Raw data>
------------

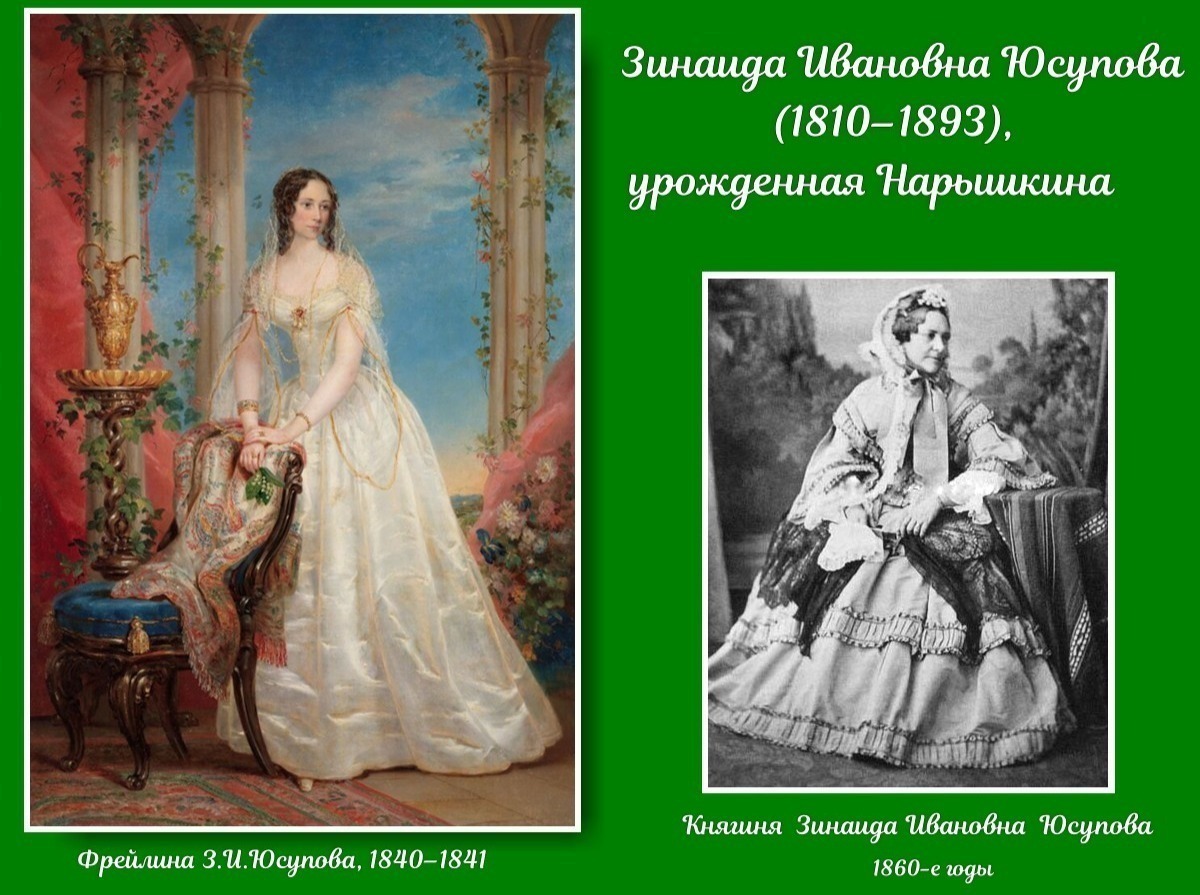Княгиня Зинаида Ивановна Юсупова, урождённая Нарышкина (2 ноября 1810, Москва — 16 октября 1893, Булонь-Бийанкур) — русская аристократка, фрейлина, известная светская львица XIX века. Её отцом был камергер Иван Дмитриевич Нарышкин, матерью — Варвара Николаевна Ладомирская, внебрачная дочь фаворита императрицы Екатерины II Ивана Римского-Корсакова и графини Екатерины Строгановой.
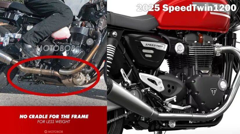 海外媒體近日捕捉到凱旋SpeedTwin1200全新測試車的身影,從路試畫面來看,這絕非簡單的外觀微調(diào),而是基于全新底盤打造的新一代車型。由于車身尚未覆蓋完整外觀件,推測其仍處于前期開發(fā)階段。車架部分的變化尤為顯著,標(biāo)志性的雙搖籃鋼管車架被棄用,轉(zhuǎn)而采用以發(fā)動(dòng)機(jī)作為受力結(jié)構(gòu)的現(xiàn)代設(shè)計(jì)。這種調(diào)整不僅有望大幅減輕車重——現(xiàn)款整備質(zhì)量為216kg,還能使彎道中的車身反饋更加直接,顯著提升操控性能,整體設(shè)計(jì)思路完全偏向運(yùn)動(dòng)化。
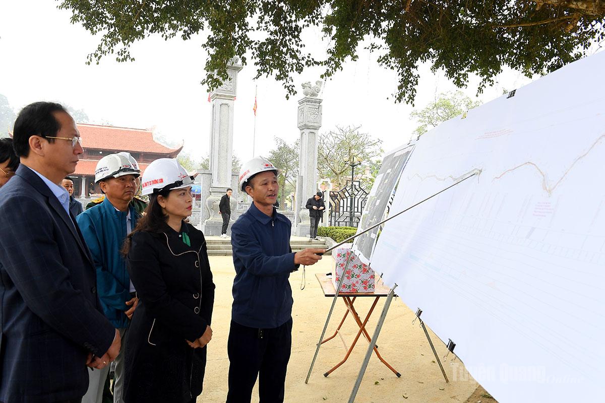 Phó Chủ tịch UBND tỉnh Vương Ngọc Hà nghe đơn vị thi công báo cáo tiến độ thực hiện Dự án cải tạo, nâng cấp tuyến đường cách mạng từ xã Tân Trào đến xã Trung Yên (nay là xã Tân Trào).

------------

Transcribe all of the material exactly, leaving out whatever pictures it contains.

Output for this task>
Княгиня Зинаида Ивановна Юсупова, урождённая Нарышкина (2 ноября 1810, Москва — 16 октября 1893, Булонь-Бийанкур) — русская аристократка, фрейлина, известная светская львица XIX века. Её отцом был камергер Иван Дмитриевич Нарышкин, матерью — Варвара Николаевна Ладомирская, внебрачная дочь фаворита императрицы Екатерины II Ивана Римского-Корсакова и графини Екатерины Строгановой.
 海外媒體近日捕捉到凱旋SpeedTwin1200全新測試車的身影,從路試畫面來看,這絕非簡單的外觀微調(diào),而是基于全新底盤打造的新一代車型。由于車身尚未覆蓋完整外觀件,推測其仍處于前期開發(fā)階段。車架部分的變化尤為顯著,標(biāo)志性的雙搖籃鋼管車架被棄用,轉(zhuǎn)而采用以發(fā)動(dòng)機(jī)作為受力結(jié)構(gòu)的現(xiàn)代設(shè)計(jì)。這種調(diào)整不僅有望大幅減輕車重——現(xiàn)款整備質(zhì)量為216kg,還能使彎道中的車身反饋更加直接,顯著提升操控性能,整體設(shè)計(jì)思路完全偏向運(yùn)動(dòng)化。
 Phó Chủ tịch UBND tỉnh Vương Ngọc Hà nghe đơn vị thi công báo cáo tiến độ thực hiện Dự án cải tạo, nâng cấp tuyến đường cách mạng từ xã Tân Trào đến xã Trung Yên (nay là xã Tân Trào).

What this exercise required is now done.